Excerpted data —
= Beginning of Section =
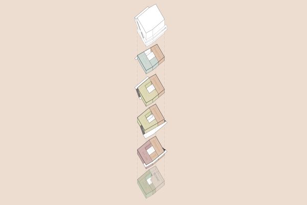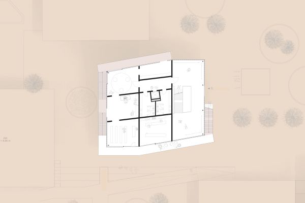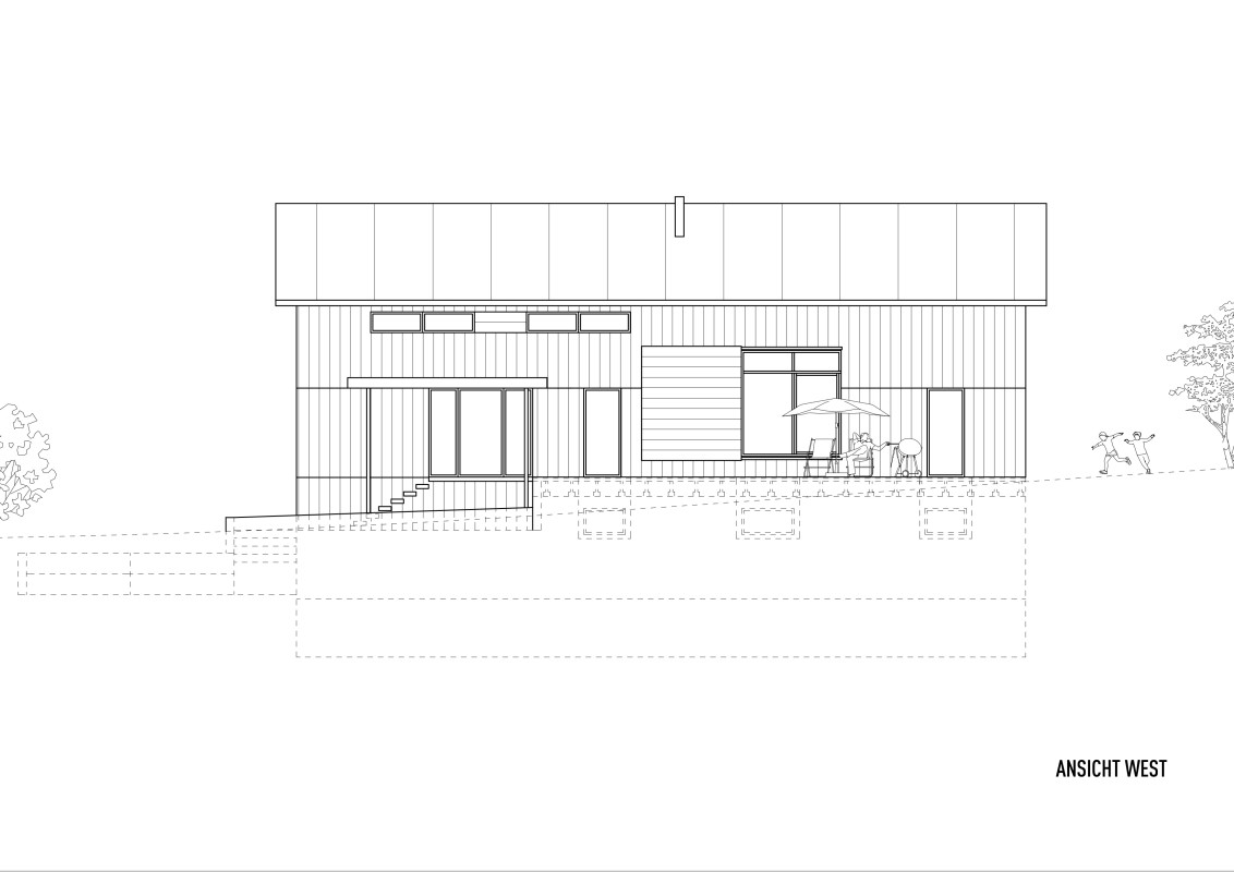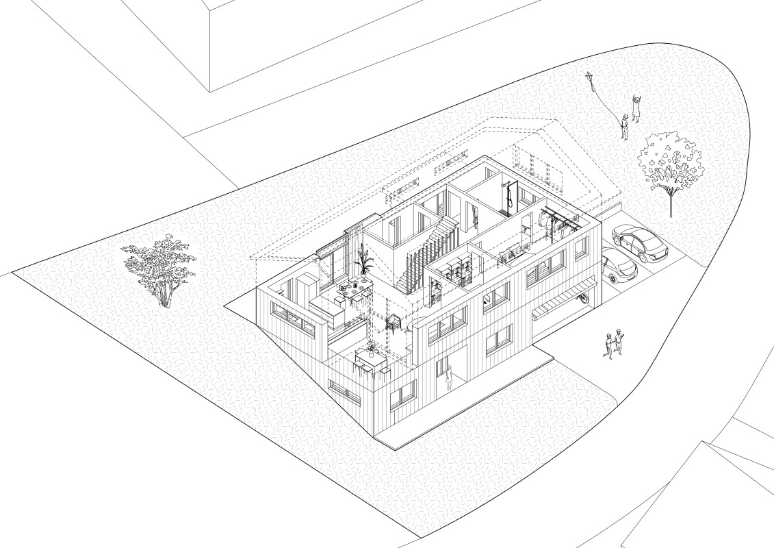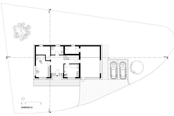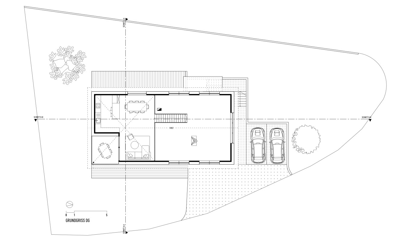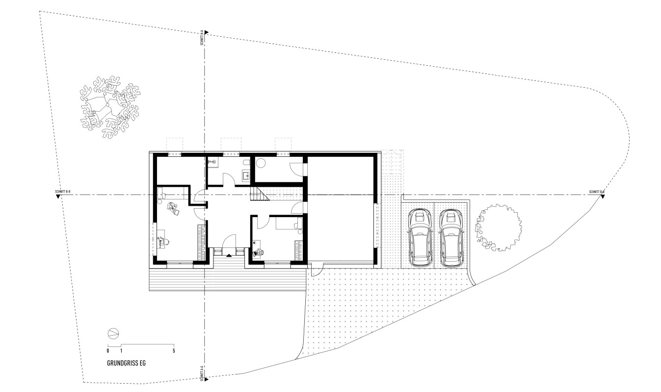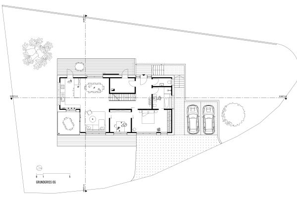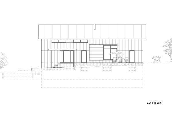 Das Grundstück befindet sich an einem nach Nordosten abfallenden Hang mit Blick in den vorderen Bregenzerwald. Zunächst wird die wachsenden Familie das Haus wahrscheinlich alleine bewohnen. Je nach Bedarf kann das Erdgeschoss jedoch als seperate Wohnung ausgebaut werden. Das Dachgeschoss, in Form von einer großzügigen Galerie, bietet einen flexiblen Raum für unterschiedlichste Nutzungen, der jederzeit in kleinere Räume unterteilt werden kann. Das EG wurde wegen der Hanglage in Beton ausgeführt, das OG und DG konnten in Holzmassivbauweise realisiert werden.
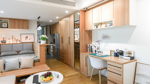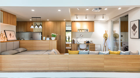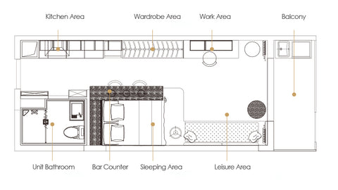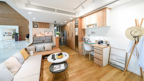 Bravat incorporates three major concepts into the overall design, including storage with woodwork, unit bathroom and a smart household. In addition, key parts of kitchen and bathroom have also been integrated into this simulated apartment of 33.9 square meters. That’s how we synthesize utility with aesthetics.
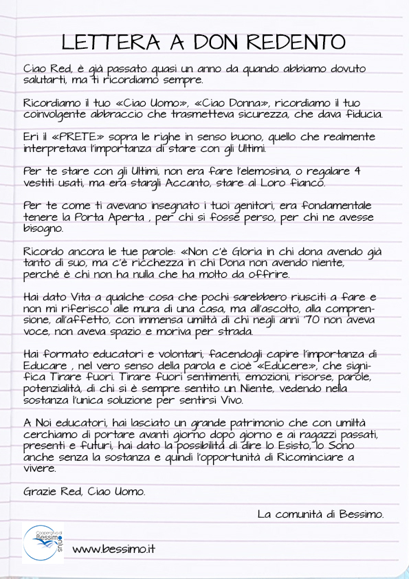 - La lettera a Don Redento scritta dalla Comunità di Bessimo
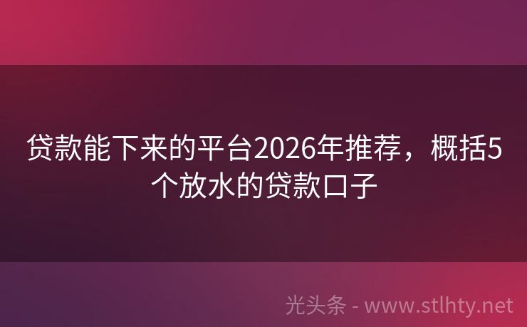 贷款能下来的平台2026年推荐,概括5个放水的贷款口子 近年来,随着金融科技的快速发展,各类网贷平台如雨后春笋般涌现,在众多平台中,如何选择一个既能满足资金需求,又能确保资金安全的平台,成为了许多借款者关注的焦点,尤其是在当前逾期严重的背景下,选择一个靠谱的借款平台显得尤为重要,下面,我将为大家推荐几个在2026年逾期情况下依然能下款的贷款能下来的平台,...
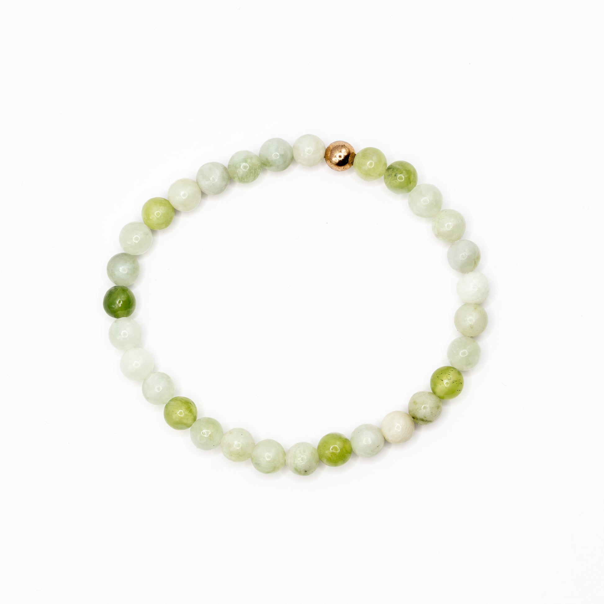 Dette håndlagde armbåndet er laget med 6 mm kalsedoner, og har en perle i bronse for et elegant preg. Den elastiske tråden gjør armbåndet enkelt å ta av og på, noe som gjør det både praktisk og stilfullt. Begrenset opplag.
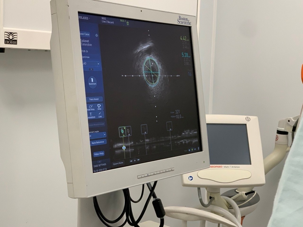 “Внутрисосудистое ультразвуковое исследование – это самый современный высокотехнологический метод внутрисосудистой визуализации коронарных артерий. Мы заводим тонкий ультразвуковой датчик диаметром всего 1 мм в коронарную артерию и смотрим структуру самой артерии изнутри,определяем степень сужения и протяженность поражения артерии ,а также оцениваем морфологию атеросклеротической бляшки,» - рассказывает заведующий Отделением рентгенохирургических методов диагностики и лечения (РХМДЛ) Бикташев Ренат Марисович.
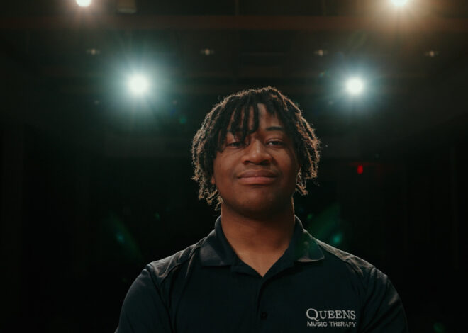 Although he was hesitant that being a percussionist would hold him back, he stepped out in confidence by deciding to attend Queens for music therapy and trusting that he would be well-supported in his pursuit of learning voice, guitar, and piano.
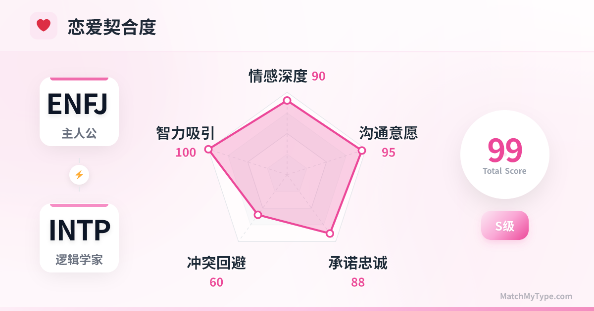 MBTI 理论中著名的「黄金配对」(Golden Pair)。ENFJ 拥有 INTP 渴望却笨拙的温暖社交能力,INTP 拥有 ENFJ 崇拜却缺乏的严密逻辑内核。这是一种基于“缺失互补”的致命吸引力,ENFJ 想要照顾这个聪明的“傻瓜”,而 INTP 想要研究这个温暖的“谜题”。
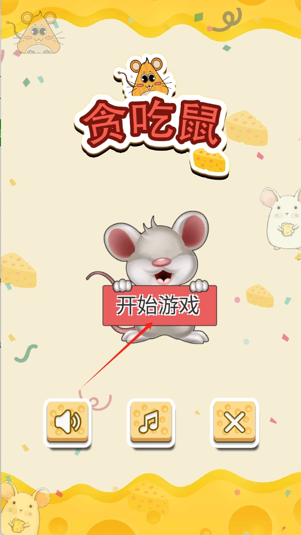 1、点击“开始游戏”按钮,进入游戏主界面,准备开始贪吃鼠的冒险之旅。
= End of Section =
= Beginning of Section =
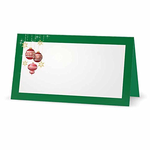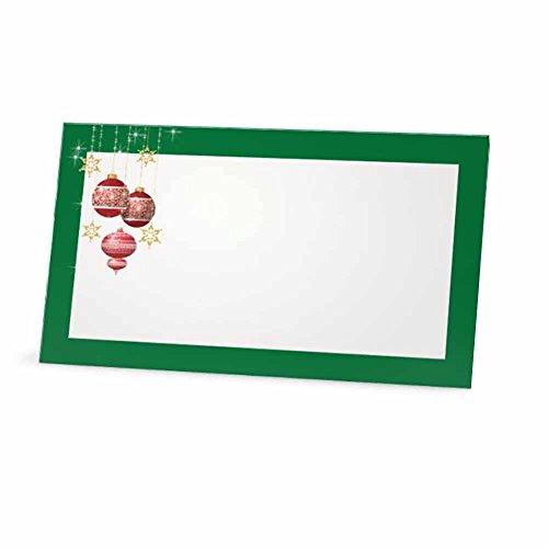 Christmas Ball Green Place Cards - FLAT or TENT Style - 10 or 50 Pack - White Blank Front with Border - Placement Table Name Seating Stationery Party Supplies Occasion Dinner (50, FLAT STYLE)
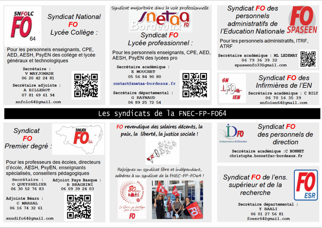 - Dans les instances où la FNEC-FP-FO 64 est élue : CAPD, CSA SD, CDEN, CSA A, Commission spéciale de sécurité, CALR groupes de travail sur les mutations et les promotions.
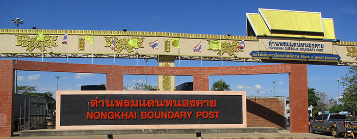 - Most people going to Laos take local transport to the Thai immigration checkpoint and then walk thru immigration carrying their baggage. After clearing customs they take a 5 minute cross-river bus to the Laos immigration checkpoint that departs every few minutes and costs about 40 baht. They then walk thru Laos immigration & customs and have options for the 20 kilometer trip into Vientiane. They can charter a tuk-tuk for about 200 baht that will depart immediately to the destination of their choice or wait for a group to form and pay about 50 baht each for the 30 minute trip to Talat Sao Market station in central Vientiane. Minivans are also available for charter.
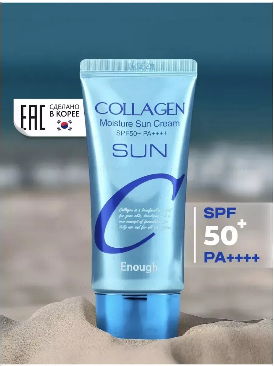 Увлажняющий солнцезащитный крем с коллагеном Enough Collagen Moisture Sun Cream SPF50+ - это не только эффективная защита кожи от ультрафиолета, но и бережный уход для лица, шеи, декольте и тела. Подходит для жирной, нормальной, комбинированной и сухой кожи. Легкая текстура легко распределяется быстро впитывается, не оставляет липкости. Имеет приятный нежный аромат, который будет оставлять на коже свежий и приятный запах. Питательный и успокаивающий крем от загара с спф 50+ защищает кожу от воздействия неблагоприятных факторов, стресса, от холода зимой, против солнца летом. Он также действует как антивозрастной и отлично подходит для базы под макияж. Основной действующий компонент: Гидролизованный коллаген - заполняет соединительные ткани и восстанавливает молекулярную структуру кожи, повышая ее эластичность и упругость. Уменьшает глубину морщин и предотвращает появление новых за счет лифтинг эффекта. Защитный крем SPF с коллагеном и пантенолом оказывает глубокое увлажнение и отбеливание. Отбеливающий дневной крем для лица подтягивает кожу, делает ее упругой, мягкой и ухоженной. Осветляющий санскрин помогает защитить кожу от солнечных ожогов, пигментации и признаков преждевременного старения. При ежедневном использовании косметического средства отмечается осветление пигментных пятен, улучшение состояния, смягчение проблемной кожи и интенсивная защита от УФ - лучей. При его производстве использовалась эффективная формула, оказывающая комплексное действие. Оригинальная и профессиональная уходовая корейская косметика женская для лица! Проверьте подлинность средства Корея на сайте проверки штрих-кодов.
= End of Section =
What you have to do — For the data above, set down exactly the lines from the line with "Das Grundstück befindet" to the line with "贷款能下来的平台2026年推", both included, leaving pictures out.

Exercise answer —
 Das Grundstück befindet sich an einem nach Nordosten abfallenden Hang mit Blick in den vorderen Bregenzerwald. Zunächst wird die wachsenden Familie das Haus wahrscheinlich alleine bewohnen. Je nach Bedarf kann das Erdgeschoss jedoch als seperate Wohnung ausgebaut werden. Das Dachgeschoss, in Form von einer großzügigen Galerie, bietet einen flexiblen Raum für unterschiedlichste Nutzungen, der jederzeit in kleinere Räume unterteilt werden kann. Das EG wurde wegen der Hanglage in Beton ausgeführt, das OG und DG konnten in Holzmassivbauweise realisiert werden.
 Bravat incorporates three major concepts into the overall design, including storage with woodwork, unit bathroom and a smart household. In addition, key parts of kitchen and bathroom have also been integrated into this simulated apartment of 33.9 square meters. That’s how we synthesize utility with aesthetics.
 - La lettera a Don Redento scritta dalla Comunità di Bessimo
 贷款能下来的平台2026年推荐,概括5个放水的贷款口子 近年来,随着金融科技的快速发展,各类网贷平台如雨后春笋般涌现,在众多平台中,如何选择一个既能满足资金需求,又能确保资金安全的平台,成为了许多借款者关注的焦点,尤其是在当前逾期严重的背景下,选择一个靠谱的借款平台显得尤为重要,下面,我将为大家推荐几个在2026年逾期情况下依然能下款的贷款能下来的平台,...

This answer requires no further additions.